■ EXERCISE DIRECTIONS:
Once you find the line with "avslutning på repetitionsövningarna" in the listing below, set down exactly every line from it through the line with "ultra photorealistic modern", but no pictures.

■ EXERCISE MATERIALS:
--------------------------------------------------

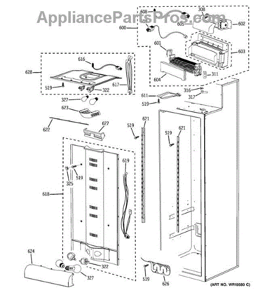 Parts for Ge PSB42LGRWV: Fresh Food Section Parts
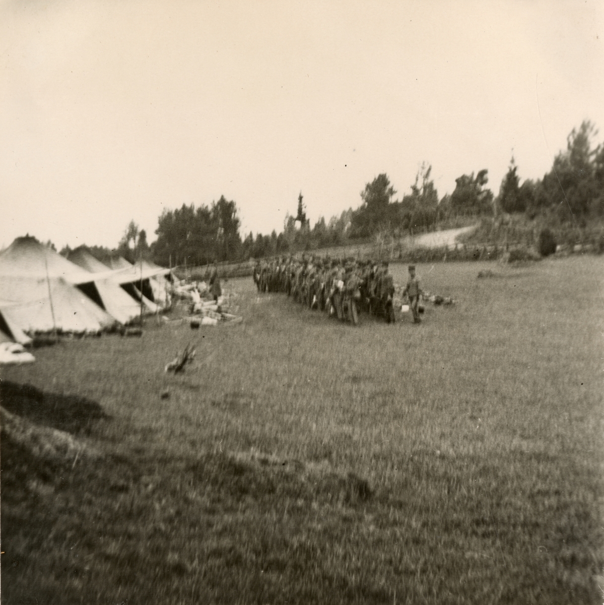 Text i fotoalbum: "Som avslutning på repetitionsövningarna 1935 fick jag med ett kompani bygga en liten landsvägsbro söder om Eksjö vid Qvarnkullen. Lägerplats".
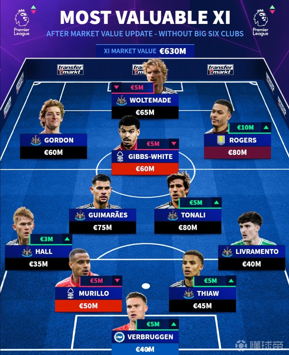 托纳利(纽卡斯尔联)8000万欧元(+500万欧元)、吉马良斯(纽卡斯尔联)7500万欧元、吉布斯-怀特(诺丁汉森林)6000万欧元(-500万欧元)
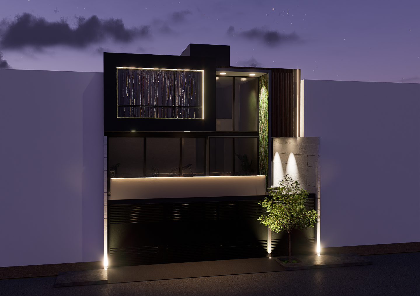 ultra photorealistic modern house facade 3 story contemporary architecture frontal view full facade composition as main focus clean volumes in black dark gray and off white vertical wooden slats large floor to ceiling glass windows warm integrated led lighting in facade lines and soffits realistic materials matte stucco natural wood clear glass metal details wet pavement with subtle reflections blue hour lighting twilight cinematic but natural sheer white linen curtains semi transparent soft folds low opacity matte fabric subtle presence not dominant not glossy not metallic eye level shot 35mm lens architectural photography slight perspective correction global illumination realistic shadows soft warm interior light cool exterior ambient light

--------------------------------------------------

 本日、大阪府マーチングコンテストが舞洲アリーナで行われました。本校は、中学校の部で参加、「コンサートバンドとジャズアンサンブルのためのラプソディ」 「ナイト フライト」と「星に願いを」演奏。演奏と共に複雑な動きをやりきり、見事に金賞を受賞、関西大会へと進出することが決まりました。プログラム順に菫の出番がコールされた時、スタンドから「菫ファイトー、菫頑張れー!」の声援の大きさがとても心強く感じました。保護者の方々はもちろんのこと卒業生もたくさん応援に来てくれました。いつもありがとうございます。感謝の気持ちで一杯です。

--------------------------------------------------

■ SOLVED PROBLEM:
 Text i fotoalbum: "Som avslutning på repetitionsövningarna 1935 fick jag med ett kompani bygga en liten landsvägsbro söder om Eksjö vid Qvarnkullen. Lägerplats".
 托纳利(纽卡斯尔联)8000万欧元(+500万欧元)、吉马良斯(纽卡斯尔联)7500万欧元、吉布斯-怀特(诺丁汉森林)6000万欧元(-500万欧元)
 ultra photorealistic modern house facade 3 story contemporary architecture frontal view full facade composition as main focus clean volumes in black dark gray and off white vertical wooden slats large floor to ceiling glass windows warm integrated led lighting in facade lines and soffits realistic materials matte stucco natural wood clear glass metal details wet pavement with subtle reflections blue hour lighting twilight cinematic but natural sheer white linen curtains semi transparent soft folds low opacity matte fabric subtle presence not dominant not glossy not metallic eye level shot 35mm lens architectural photography slight perspective correction global illumination realistic shadows soft warm interior light cool exterior ambient light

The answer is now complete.